Last year, the World Organization to Investigate the Persecution of Falun Gong (WOIPFG) published a report that showed that the Chinese government forced women to manufacture “My Doll” toys in the 2000s. Most of the women were practitioners of Falun Gong, a spiritual tradition that Beijing classifies as a “threat to society” while violently persecuting its adherents. The forced labor camps were said to still be operational even at the time of publishing the report.

According to a report, most of the women forced by the Chinese government to manufacture the 'My Doll' toys were practitioners of the Falun Gong spiritual tradition.
According to a report, most of the women forced by the Chinese government to manufacture the ‘My Doll’ toys were practitioners of the Falun Gong spiritual tradition. (Image: Screenshot via YouTube)

“Those packaged and exported products all had production deadlines.

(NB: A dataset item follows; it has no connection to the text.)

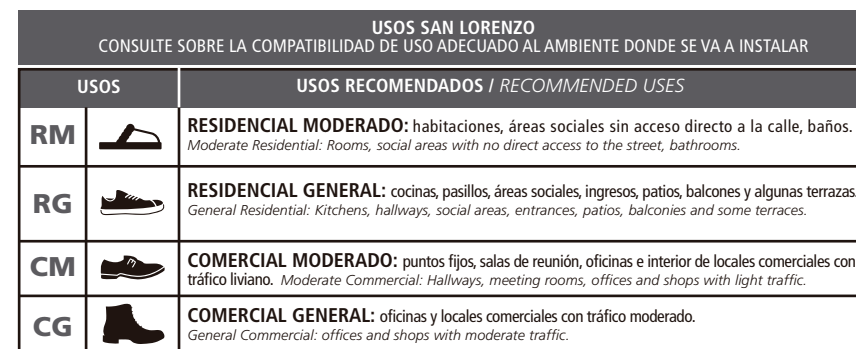
TABLA DE USOS

The inmates and illegally detained Falun Gong practitioners had to start work every day before 7:00 a.m. Under regular circumstances, the detainees would finish working at 9:00 p.m., but most of them were usually made to work until 11 p.m. The labor camp’s quotas were calculated based on the workload of 10 hours, but most people wouldn’t be able to meet the quotas,” a Chinese woman who was forced into the labor camp between 2002 and 2003 says in the report.

Though Beijing announced in 2013 that such camps would be shut down, Amnesty International reported that the camps were never actually closed. The regime just changed the name of some facilities and shifted the detainees to other labor camps. Those who were not sent to these places ended up in prisons.